To provide for further growth, we had to think about scaling up our photo storage and decide on convenient tools for storing and reserving them. That’s when the idea came to try the legendary S3 storage by AWS.
Amazon data centers are located in more than 20 regions around the world. Five regions currently exist in Europe — Milan, Paris, London, Frankfurt, and Ireland.
On the lack of needed services
Six years ago, we moved into the Frankfurt region. At that time, it was new, and the services already introduced in the older regions came there with a delay. More than once we needed features of a service that either did not exist at all or was not available in our region.

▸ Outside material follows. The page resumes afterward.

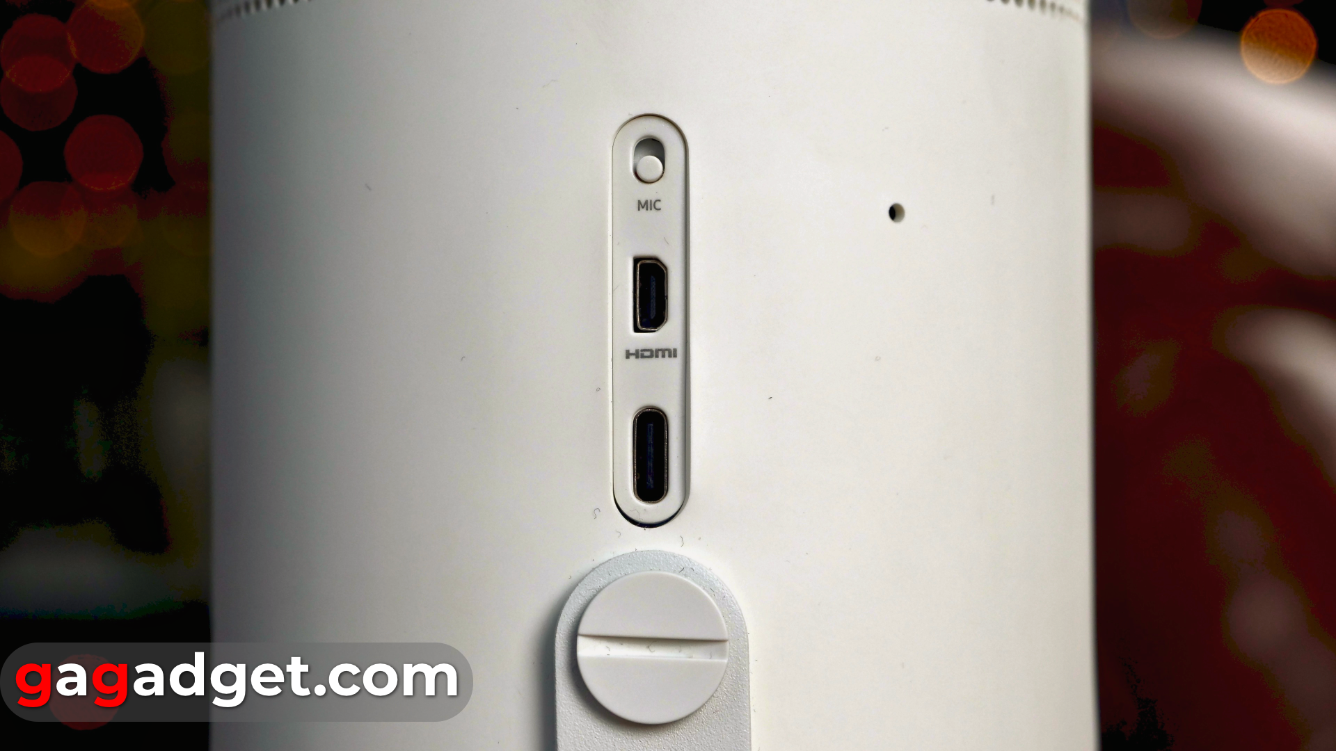 Jeśli chodzi o dźwięk, możliwości przenośnego projektora nie są zbyt duże, ale bohater recenzji pokazuje dokładnie to, czego się od niego oczekuje - wystarczająco mocny dźwięk, aby wygodnie oglądać film w pomieszczeniu i z marginesem głośności. Oczywiście w trybie głośnika audio dźwięk dookólny pozwala umieścić urządzenie na środku pokoju i słyszeć wszystko z dowolnej strony lub odległości - po prostu nie ma martwych punktów dla dźwięku. Ponadto akustyka projektora obsługuje dźwięk adaptacyjny (w tym celu na obudowie znajdują się dodatkowe mikrofony), co pozwala automatycznie zwiększyć głośność, gdy w pomieszczeniu pojawiają się głośne dźwięki. Wraz z obsługą HDR 10+ oddaje to pewien poziom technologiczny, który odpowiada pojęciu "nowoczesności" urządzenia.

For example, at one point spot instances were introduced in our region. This is an auction of server capacity which can save you up to 90% of expense. However, there were no tools to set up automatic ordering of the required servers. You had to go to the auction console, select the instance type, set the price, and add new virtual machines to the cluster. That meant waste of time and a high chance to miss out on price changes. That was when we created our own spot manager which ordered the right servers at the right prices and added them to the cluster by itself. A similar tool, spot fleet, was introduced by Amazon Web Services only a few years later.
Similarly, we had to optimize our operation of the DynamoDB database management system by AWS. There’s a trick in it: you pay for IOPS and set your own limits on operations. That’s convenient, but then again, there was no means of automated control. So, we developed our own mechanism to set our own IOPS limits and adjust them as needed.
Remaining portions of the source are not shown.